This architecture allows AI assistants to interact with complex systems while maintaining a clear boundary between the agent and the external environment.

The Challenge of Large Cloud APIs

While MCP enables connecting AI agents to infrastructure systems, cloud platforms introduce an additional challenge.

Most cloud platforms expose large APIs with many endpoints. A typical platform might include endpoints for managing applications, databases, storage, networking, domains, metrics, logs, and deployment pipelines.

If an MCP server exposes each endpoint as a separate tool, the number of tools can quickly grow into the hundreds.

This creates several problems. First, the AI agent must understand the purpose and parameters of every available tool before deciding which one to use. This increases the amount of context required for the agent to operate effectively.

Second, maintaining hundreds of tools becomes difficult for developers who build and maintain the MCP server.

Third, the system becomes rigid. Every time a new API endpoint is added, a new tool must also be created and documented.

For large APIs, this approach quickly becomes impractical.

A Simpler Pattern for API Access

A different architecture solves this problem by dramatically reducing the number of tools exposed to the AI.

Instead of providing a separate tool for every API endpoint, the MCP server exposes only two capabilities.

The first capability allows the agent to search the API specification. This lets the agent discover available endpoints, understand parameters, and inspect request or response schemas.

The second capability allows the agent to execute code that calls the API.

In this model, the AI agent dynamically generates the code required to call the API. Because the agent can search the specification and write its own API calls, the MCP server does not need to define individual tools for every endpoint.

This pattern drastically reduces the complexity of the integration while still giving the agent full access to the underlying platform.

Why Sandboxed Code Execution Is Important

Allowing AI agents to generate and execute code raises important security considerations.

If the generated code runs unrestricted, it could potentially access sensitive parts of the system or perform unintended operations. To prevent this, the execution environment must be carefully controlled.

A common solution is running the generated code inside a sandboxed environment. In this setup, the code runs in an isolated runtime with limited permissions. The environment exposes only specific functions that allow interaction with the platform’s API.

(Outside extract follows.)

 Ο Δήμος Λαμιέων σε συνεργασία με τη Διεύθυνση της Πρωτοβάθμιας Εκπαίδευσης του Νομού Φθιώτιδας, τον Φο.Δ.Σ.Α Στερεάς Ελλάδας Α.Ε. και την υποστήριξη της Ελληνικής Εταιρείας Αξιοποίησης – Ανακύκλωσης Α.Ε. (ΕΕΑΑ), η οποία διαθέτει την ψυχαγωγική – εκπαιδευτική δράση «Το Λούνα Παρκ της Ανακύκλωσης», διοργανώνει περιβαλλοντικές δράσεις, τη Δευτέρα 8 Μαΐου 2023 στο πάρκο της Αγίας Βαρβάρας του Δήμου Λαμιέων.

Because the code cannot access the host system directly, the risk of unintended behavior is greatly reduced. At the same time, the AI agent retains the flexibility to generate custom API calls as needed.

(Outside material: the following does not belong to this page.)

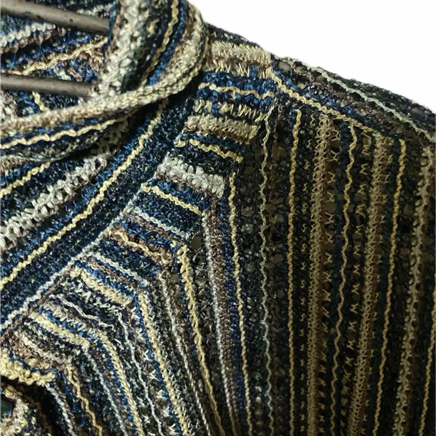 60s L.T.S チンスト ハ字襟 クロシェ織 サイケストライプシャツ F 暑いし寒いし、どうしたらいいの?って、服けちるからじゃん?笑、 シャツは夏だけでしょとかないでしょ。ビックサイズだとそれが可能です。コーディネート参考に下さい、 そんなの重ねればいいじゃん!です。これ他のコーディネートも使ってるんで探しながら参考にすると良いですよ おしゃれいつでもアップデートです。流行と自分のアイデンティティー、これをミックスするテクニックをつけていく、それだけです、 流行りだけ、自我だけだと、 だめなんですよね そんな事はどうでもいいとして半端ないシャツ紹介 L.T.S.と明記してます。 下手したら、オーダー系 先ず年代は、即わかり、 題名に明記してます、えり クロシェ織で、サイケデリックストライプこの時点で60年代から70年代が分かります。 後はチンスト、60確定です!! さらにこんな手間暇かかったの現在作るわけないじゃないですか。高額になるからです。 この時代の時代だったので、確実に現行物よりは質は何十倍もいいです。 コーディネート70年代のモダンなイタリアのボトムにコンバース。 もういっこ提供もグライダー芝ちゃん風コーデ ニードルズのトラックボトムにシャツを合わせる、芝ちゃんは、さらに、これに、ジャケットとか合わせますよね、カッコいいっすよね、理由、簡単です。服にこだわっているからです。 以上のことを念頭にゲットください。確実にあなたのコーディネートの格は上がります。 ▷color◁ 写真チンストアップ参照!! ※ブラウザで異なる場合ありますがかなり実物には、近づけてます、 ▷size◁ 平置き片面採寸【㎝表記】 表記size 不明Fは、ある 着丈/77 身幅/64 肩幅/60DS 袖丈 /40↓ DSは袖はハンガー採寸 ※多少の誤差は理解下さい 170/Mジャスト体型の私が着て、✔️参考に ジャスト オーバーサイズ ビックサイズ✔︎ 【素材】 クロシェとか、さまざまな織の、洗えたんで。おそらくアンティーク化繊ニット、 現代廃盤 【状態】 新品に近い 検品、洗濯、検品で、3回チェックして発送しますので、ご安心して、お買い求め下さい!!

This combination of dynamic code generation and sandboxed execution makes it possible for AI agents to interact with complex APIs safely.

Practical Example with Sevalla

A practical implementation of this architecture can be seen in the Sevalla MCP server, which exposes a cloud platform’s API to AI agents through the search-and-execute pattern.

Sevalla is a PaaS provider designed for developers shipping production applications. It offers app hosting, database, object storage, and static site hosting for your projects. We also have other options, such as AWS and Azure, that come with their own MCP tools.

Instead of registering hundreds of tools for every API endpoint, the server provides only two tools that allow the AI agent to explore and interact with the entire platform. Find the full documentation for Sevalla’s MCP server here.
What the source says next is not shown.